## WHAT IS REQUIRED
Reproduce the listing below exactly. Pictures do not belong in the copy.

## SOURCE MATERIAL

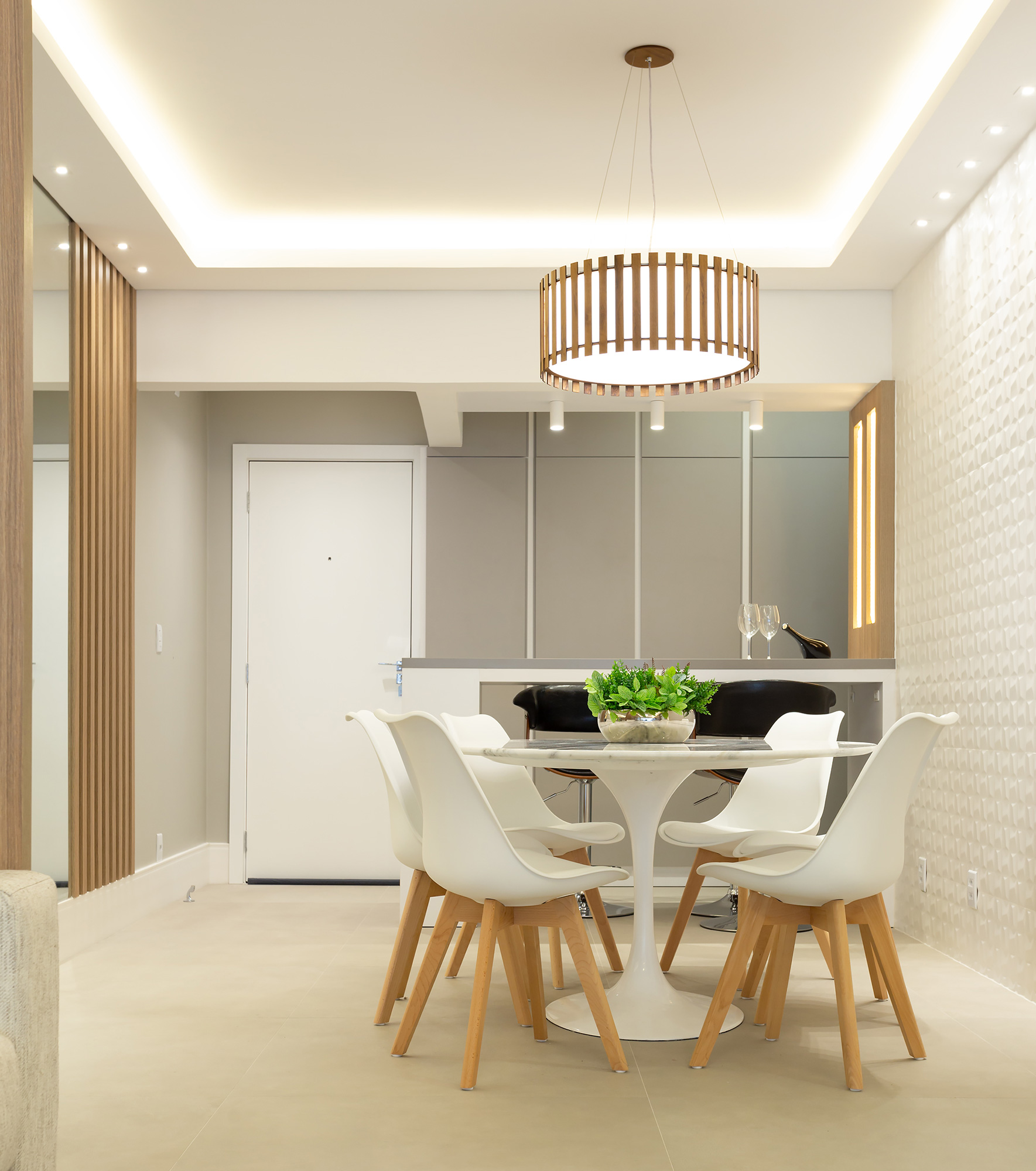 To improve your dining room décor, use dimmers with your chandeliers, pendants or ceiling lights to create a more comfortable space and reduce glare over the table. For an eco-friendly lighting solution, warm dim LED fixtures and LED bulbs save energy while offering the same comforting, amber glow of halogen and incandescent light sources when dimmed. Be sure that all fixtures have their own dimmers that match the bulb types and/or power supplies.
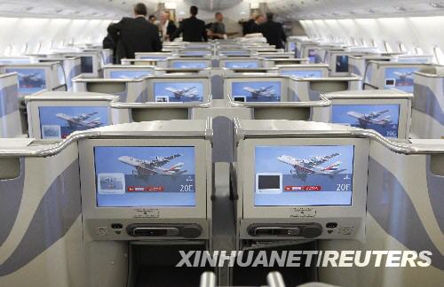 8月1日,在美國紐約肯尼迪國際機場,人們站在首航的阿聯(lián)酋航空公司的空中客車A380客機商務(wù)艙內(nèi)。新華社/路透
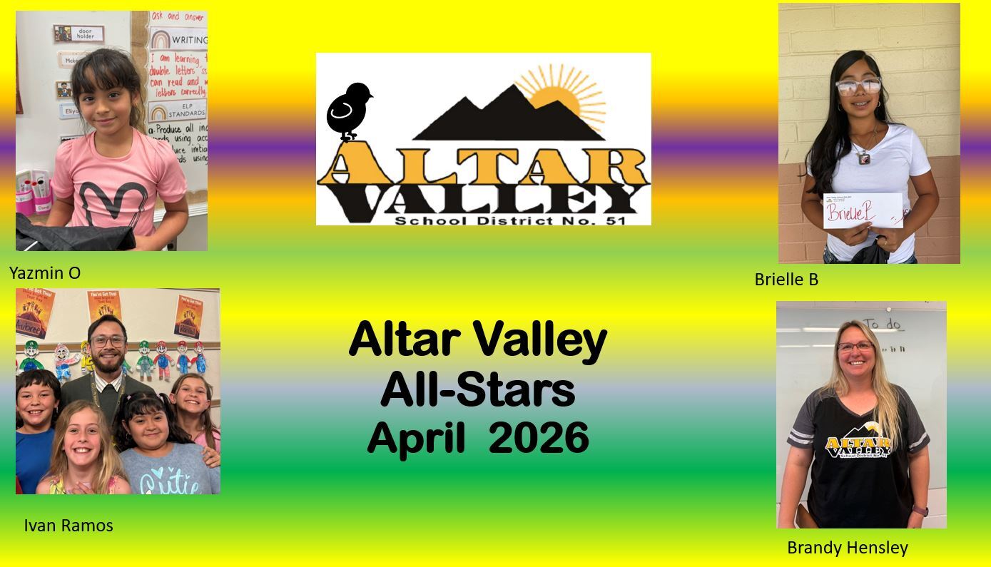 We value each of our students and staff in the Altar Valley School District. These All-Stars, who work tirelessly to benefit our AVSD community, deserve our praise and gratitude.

## YOUR RESPONSE
 To improve your dining room décor, use dimmers with your chandeliers, pendants or ceiling lights to create a more comfortable space and reduce glare over the table. For an eco-friendly lighting solution, warm dim LED fixtures and LED bulbs save energy while offering the same comforting, amber glow of halogen and incandescent light sources when dimmed. Be sure that all fixtures have their own dimmers that match the bulb types and/or power supplies.
 8月1日,在美國紐約肯尼迪國際機場,人們站在首航的阿聯(lián)酋航空公司的空中客車A380客機商務(wù)艙內(nèi)。新華社/路透
 We value each of our students and staff in the Altar Valley School District. These All-Stars, who work tirelessly to benefit our AVSD community, deserve our praise and gratitude.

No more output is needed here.